CUESEF 2021 Forges Futures by Examining Black Educational Histories

More than 600 students, alumni, faculty, staff, and community members registered for the University of Pittsburgh School of Education’s annual Center for Urban Education Summer Educators Forum (CUESEF).

Co-sponsored by The Heinz Endowments, CUESEF 2021 explored the theme of “Forging Futures Through Black Educational Histories” over the course of June 16 – 19.

The virtual conference consisted of nine mainstage plenary sessions with accomplished historians; 22 breakout sessions with book studies, discussions, and webinars; music breaks with DJ PVO; and a keynote address from Vanessa Siddle Walker, the Samuel Candler Dobbs Professor of African American Educational Studies at Emory University.

“Our theme invites historians to join us in exploring Black educational imaginations over time as essential to forging futures of self-determination, collective responsibility, and freedom,” said T. Elon Dancy II, executive director of the Center for Urban Education (CUE) and associate dean for equity and research and Helen S. Faison Chair for Urban Education at Pitt Education. “This year’s focus on Black education traditions assumes Blackness as expansive and not a category exclusive of ethnic and cultural realities.”

Historians who participated in plenary and breakout sessions included Dr. James Anderson (University of Illinois at Urbana-Champaign), Dr. Heather Williams (University of Pennsylvania), Dr. Donna Murch (Rutgers University), Dr. Jarvis Givens (Harvard University), Dr. Linda Perkins (Claremont Graduate University), Dr. Stephanie Evans (Georgia State University), Dr. Elizabeth Todd-Breland (University of Illinois at Chicago), Dr. V.P. Franklin (University of California, Riverside), Dr. Derrick Alridge (University of Virginia), Michelle Purdy (Washington University at St. Louis), and Dr. Michael Hines (Stanford University)

Valerie Kinloch, the Renée and Richard Goldman Dean of Pitt Education welcomed participants by reading a passage from writer James Baldwin.

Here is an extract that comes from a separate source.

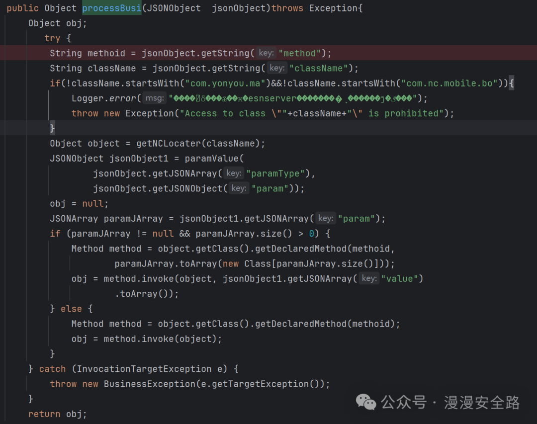 我這個代碼是修復(fù)了這個漏洞以后的加了包名限制。這里其實(shí)和我們上面反射調(diào)用方法是一樣的只不過這里是json
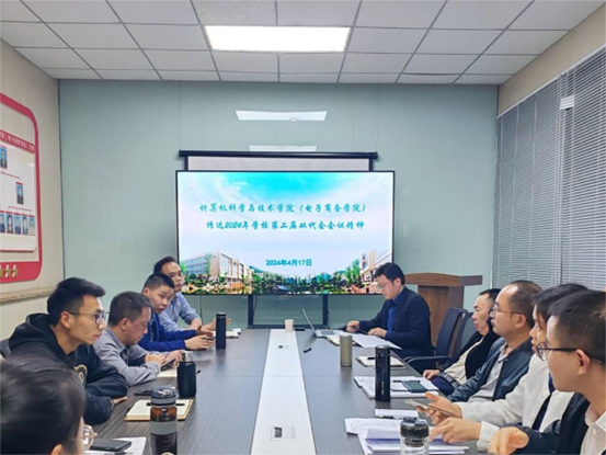 【本网讯】为了传达2024年学校第二届双代会会议精神,方便全院教职工深入学习贯彻落实双代会会议精神,2024年4月17日17:30,计算机科学与技术学院(电子商务学院)在党员活动室召开此次会议,会议由学院党委副书记(主持工作)罗南超主持,全体教职工参加会议。

“History, as nearly no one seems to know,” read Kinloch “is not merely something to be read. And it does not refer merely, or even principally, to the past. On the contrary, the great force of history comes from the fact that we carry it within us, are unconsciously controlled by it in many ways, and history is literally present in all that we do.”

The conference closed with a keynote address from Siddle Walker, titled “Re-Thinking, Re-Mapping, Renewed Commitments… Because the Children Matter,” which summarized the conference’s charge for transformative education.

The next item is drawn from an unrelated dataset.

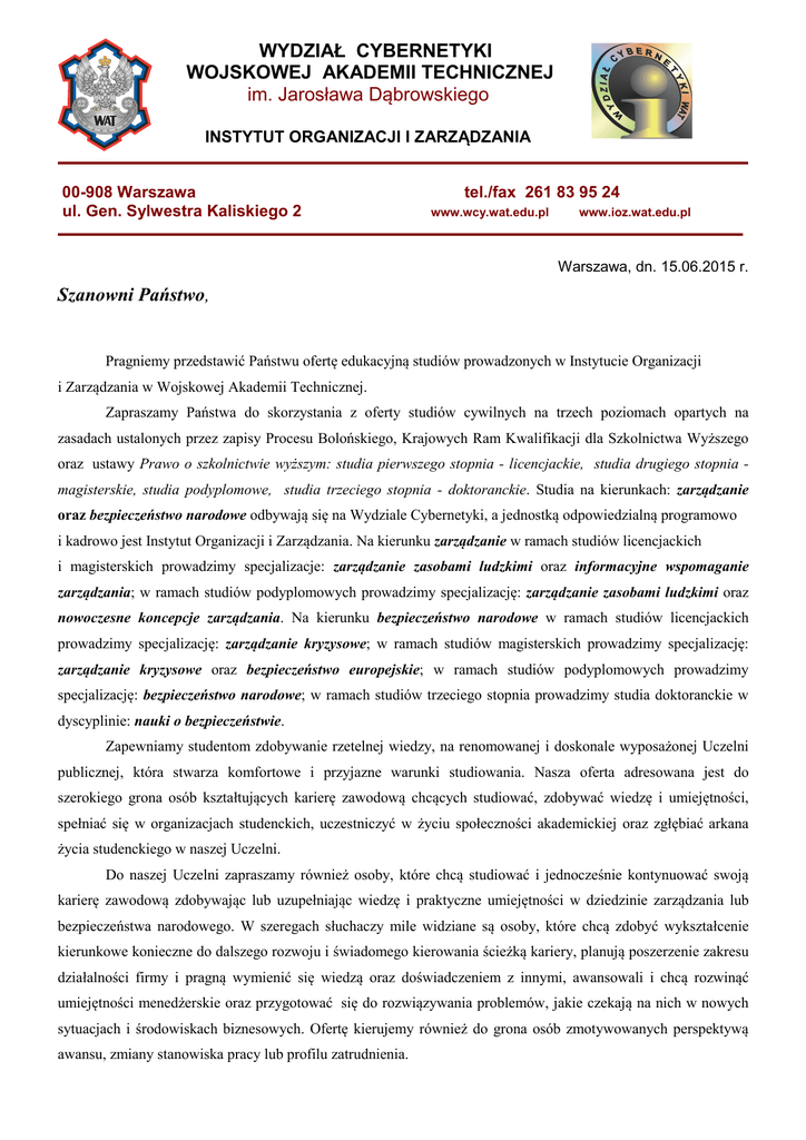 WYDZIAŁ CYBERNETYKI WOJSKOWEJ AKADEMII TECHNICZNEJ im. Jarosława Dąbrowskiego INSTYTUT ORGANIZACJI I ZARZĄDZANIA 00-908 Warszawa ul. Gen. Sylwestra Kaliskiego 2 tel./fax 261 83 95 24 www.wcy.wat.edu.pl www.ioz.wat.edu.pl Warszawa, dn. 15.06.2015 r. Szanowni Państwo, Pragniemy przedstawić Państwu ofertę edukacyjną studiów prowadzonych w Instytucie Organizacji i Zarządzania w Wojskowej Akademii Technicznej. Zapraszamy Państwa do skorzystania z oferty studiów cywilnych na trzech poziomach opartych na zasadach ustalonych przez zapisy Procesu Bolońskiego, Krajowych Ram Kwalifikacji dla Szkolnictwa Wyższego oraz ustawy Prawo o szkolnictwie wyższym: studia pierwszego stopnia - licencjackie, studia drugiego stopnia magisterskie, studia podyplomowe, studia trzeciego stopnia - doktoranckie. Studia na kierunkach: zarządzanie oraz bezpieczeństwo narodowe odbywają się na Wydziale Cybernetyki, a jednostką odpowiedzialną programowo i kadrowo jest Instytut Organizacji i Zarządzania. Na kierunku zarządzanie w ramach studiów licencjackich i magisterskich prowadzimy specjalizacje: zarządzanie zasobami ludzkimi oraz informacyjne wspomaganie zarządzania; w ramach studiów podyplomowych prowadzimy specjalizację: zarządzanie zasobami ludzkimi oraz nowoczesne koncepcje zarządzania. Na kierunku bezpieczeństwo narodowe w ramach studiów licencjackich prowadzimy specjalizację: zarządzanie kryzysowe; w ramach studiów magisterskich prowadzimy specjalizację: zarządzanie kryzysowe oraz bezpieczeństwo europejskie; w ramach studiów podyplomowych prowadzimy specjalizację: bezpieczeństwo narodowe; w ramach studiów trzeciego stopnia prowadzimy studia doktoranckie w dyscyplinie: nauki o bezpieczeństwie. Zapewniamy studentom zdobywanie rzetelnej wiedzy, na renomowanej i doskonale wyposażonej Uczelni publicznej, która stwarza komfortowe i przyjazne warunki studiowania. Nasza oferta adresowana jest do szerokiego grona osób kształtujących karierę zawodową chcących studiować, zdobywać wiedzę i umiejętności, spełniać się w organizacjach studenckich, uczestniczyć w życiu społeczności akademickiej oraz zgłębiać arkana życia studenckiego w naszej Uczelni. Do naszej Uczelni zapraszamy również osoby, które chcą studiować i jednocześnie kontynuować swoją karierę zawodową zdobywając lub uzupełniając wiedzę i praktyczne umiejętności w dziedzinie zarządzania lub bezpieczeństwa narodowego. W szeregach słuchaczy mile widziane są osoby, które chcą zdobyć wykształcenie kierunkowe konieczne do dalszego rozwoju i świadomego kierowania ścieżką kariery, planują poszerzenie zakresu działalności firmy i pragną wymienić się wiedzą oraz doświadczeniem z innymi, awansowali i chcą rozwinąć umiejętności menedżerskie oraz przygotować się do rozwiązywania problemów, jakie czekają na nich w nowych sytuacjach i środowiskach biznesowych. Ofertę kierujemy również do grona osób zmotywowanych perspektywą awansu, zmiany stanowiska pracy lub profilu zatrudnienia. Absolwenci naszej Uczelni mogą liczyć na ciekawe perspektywy zawodowe zdobywając interesującą pracę zarówno w biznesie jak i w administracji publicznej. Wyróżniającą cechą naszej oferty jest wyposażenie studentów w ponadprzeciętną wiedzę i kompetencje z zakresu wykorzystania technologii teleinformatycznej w zarządzaniu. Kompleksowa wiedza dotyczącą aspektów zarządzania przedsiębiorstwem oraz umiejętności stosowania nowoczesnych metod i technik zarządzania są niewątpliwym atutem Absolwentów na obecnym rynku pracy. Ponadto Wojskowa Akademia Techniczna wychodząc naprzeciw oczekiwaniom studentów zawarła porozumienia o współpracy z wiodącymi na rynku instytucjami biznesowymi oraz instytucjami sektora państwowego, co sprawiło zwiększenie konkurencyjności naszej Uczelni w ramach rozwoju współpracy nauki z praktyką. Uczestnicy studiów trzeciego stopnia oraz studiów podyplomowych mogą liczyć na wymianę doświadczeń między wykładowcami i słuchaczami pełniącymi funkcje na szczeblach menedżerskich w firmach i instytucjach reprezentujących różne branże. Mają możliwości nawiązania szerokich kontaktów biznesowych o strategicznym znaczeniu dla firm oraz karier zawodowych, które sprzyjają rozwojowi firmy i osób ją reprezentujących. Studia w Wojskowej Akademii Technicznej są kluczem do rozwoju kariery, pomagają w realizacji założonych celów, spełnianiu marzeń i rozwoju zainteresowań, poszerzają horyzonty, uzupełniają wiedzę, doskonalą umiejętności. Oprócz tego są nieocenionym źródłem nowych kontaktów biznesowych i towarzyskich. Ponadto organizacje sektora publicznego i prywatnego umożliwiając swoim pracownikom podnoszenie kwalifikacji w naszej Uczelni niewątpliwie zwiększą poziom efektywności pracy a tym samym staną się konkurencyjne na rynku. Osoby, które posiadają dyplom ukończenia studiów w Wojskowej Akademii Technicznej odczuwają osobistą satysfakcję z posiadania dyplomu Uczelni z tradycjami. Ważnym atutem studiowania w Wojskowej Akademii Technicznej jest lokalizacja. Uczelnia mieści się blisko centrum Warszawy, w otoczeniu malowniczego krajobrazu otuliny Puszczy Kampinoskiej. Praca i studia na naszej uczelni mają unikatową atmosferę. Kompletny kampus akademicki wraz z zespołem domów studenckich i obiektów sportowo-rekreacyjnych to jeden z ważniejszych atutów naszej Akademii. Pragnąc w Wojskowej przybliżyć Akademii Państwu więcej Technicznej, szczegółów zapraszamy naszej do oferty odwiedzenia edukacyjnej studiów stron:www.wat.edu.pl oraz www.wcy.wat.edu.pl. Jednocześnie w załączeniu przesyłamy Państwu plakat promujący naszą ofertę. Pozostając z wyrazami szacunku i uznania Dyrektor Instytutu Organizacji i Zarządzania Wydziału Cybernetyki Wojskowej Akademii Technicznej dr hab. inż. Włodzimierz Miszalski, prof. WAT

“When we think of the history we’ve been taught, I want to use it to, perhaps, remap the chart for the present and then, if possible, challenge a renewed commitment to pick up these old possibilities and apply them in a new space,” said Siddle Walker. “Because I actually really do believe that children matter and that we have to make a difference for them and their generation as people did for us and our generations.”

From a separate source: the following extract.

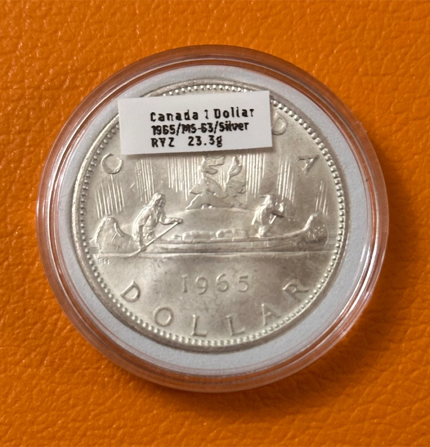 This is a authentic Canadian 1965 one dollar coin, graded MS-63 and made of silver. The coin weighs 23.3g. It features Queen Elizabeth II on one side and a canoe scene on the other. It's housed in a protective plastic case.

CUE is one of the many centers and institutes at Pitt Education. CUE focuses its research and service around three areas: community partnership and engagement, educator development and practice, and student academic and social development.

In his closing remarks, Dancy addressed  the significance of exploring history given that the conference concluded on June 19, which is observed as the holiday of Juneteenth, “a day that asks us to devote ourselves to radical imagination and organizing in our work.”

He demonstrated the value of re-examining history by explaining a common myth about the origins of Juneteenth. As the myth goes, on that day 156 years ago, the last enslaved Americans first learned of their liberation when a white military general read them the proclamation in the coastal city of Galveston, Texas. However, this narrative erases an important truth. Many Black people were already aware of their freedom and already had spread the news among each other.

“We now know this reality differently than the story that the myth tells because of the work of historians,” said Dancy. “This is the kind of intervention that Black educational histories make to forge futures. They summon the power of memory which is important in U.S. schooling contexts that require forgetting knowledges in order to learn.”